Особенно на той вечеринке. Другие детали она почти не запомнила, но больше всего врезался в память его голос, когда он подошел на два шага ближе, с улыбкой.
Он взял у Чжао Сыюань миску с вишнями, в его глазах читалась неприкрытая насмешка: — Чжао Вишенка, ешь поменьше вишен, ешь побольше грецких орехов, чтобы мозги подпитать.
При одной мысли об этой сцене у Чжао Сыюань начинала болеть голова.
— У него самого мозгов нет! — Чжао Сыюань, обнимая телефон, жаловалась Шу Жань, своей подруге, которая училась в аспирантуре в Городе C. — Скажи, прошло столько лет, почему этот человек так и не научился говорить что-нибудь хорошее?
Он только и научился, что ругаться без мата.
Шу Жань не удивилась: — Вы двое всегда такими были, разве нет? Чжоу Цзяшу таким образом проявляет к тебе симпатию.

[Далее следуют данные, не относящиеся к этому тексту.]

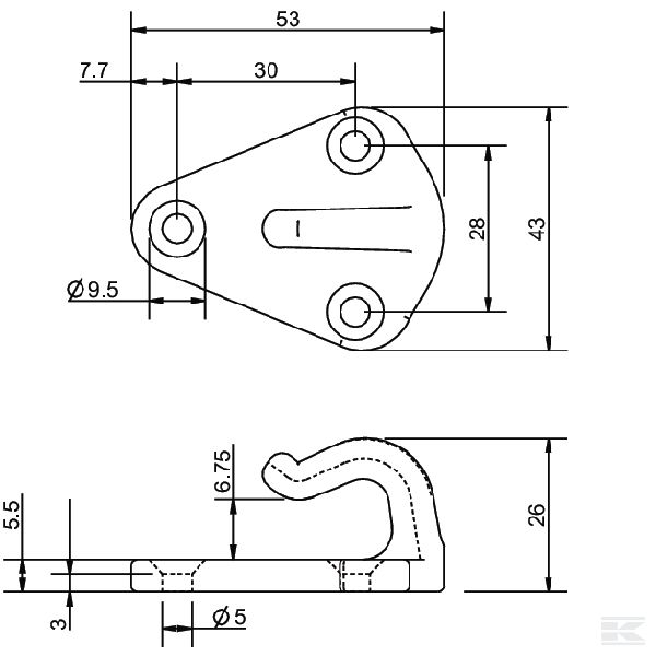 Kravas pārsega nostiprināšanas āķis, 43x73 mm

— Симпатию? — Чжао Сыюань совсем этого не видела. — Какая там симпатия, он явно делает это нарочно.
По сравнению с ней, взгляд Шу Жань был более проницательным: — После стольких лет внезапно вернуться... Как ни крути, он будет бояться, что ты отдалилась. Теперь, когда он сказал эти две фразы, ты всё ещё чувствуешь отчуждение?
— Ты только что не говорила, что за столько лет этот человек почти не изменился, не научился говорить ничего хорошего?

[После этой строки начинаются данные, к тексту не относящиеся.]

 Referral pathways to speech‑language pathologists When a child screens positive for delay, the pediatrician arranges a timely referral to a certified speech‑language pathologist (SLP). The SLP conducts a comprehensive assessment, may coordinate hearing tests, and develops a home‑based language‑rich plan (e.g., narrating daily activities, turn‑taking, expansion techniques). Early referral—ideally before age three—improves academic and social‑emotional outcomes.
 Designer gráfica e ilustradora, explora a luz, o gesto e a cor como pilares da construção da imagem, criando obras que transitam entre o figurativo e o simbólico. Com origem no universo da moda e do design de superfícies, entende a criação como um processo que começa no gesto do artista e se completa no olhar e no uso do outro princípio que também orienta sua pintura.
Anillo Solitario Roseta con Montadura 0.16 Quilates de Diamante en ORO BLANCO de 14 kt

После такого анализа в этом действительно был какой-то смысл.
Честно говоря, Чжао Сыюань не раз представляла себе сцену встречи с этим человеком.
Девять лет — это не пустота. И она не была с Чжоу Цзяшу и Шао Лоцзином такими уж близкими братьями, чтобы некоторые вещи были понятны без слов, чтобы они всё понимали друг о друге.
Она даже думала, что даже если раньше они были очень близки, девять лет разлуки сделают их при встрече незнакомыми и чужими.
Но сейчас, кроме первоначального замешательства при встрече, казалось, что в голове осталась только его привычка дразнить ее, такая же, как и в те годы.
Видя, что Чжао Сыюань долго не отвечает, Шу Жань отправила голосовое сообщение: — К тому же, если бы Чжоу Цзяшу говорил с тобой официально и серьезно, ты бы сама не привыкла, разве нет? Ты ведь до сих пор не можешь забыть тот случай, когда он редко выходил из себя?
Дело было не в том, что она не могла забыть, просто она впервые в жизни видела такого резкого и серьезного Чжоу Цзяшу, и тогда это ее немного напугало.
По ее воспоминаниям, даже когда умерла его мать, тетя Лань, он не выходил из себя так сильно.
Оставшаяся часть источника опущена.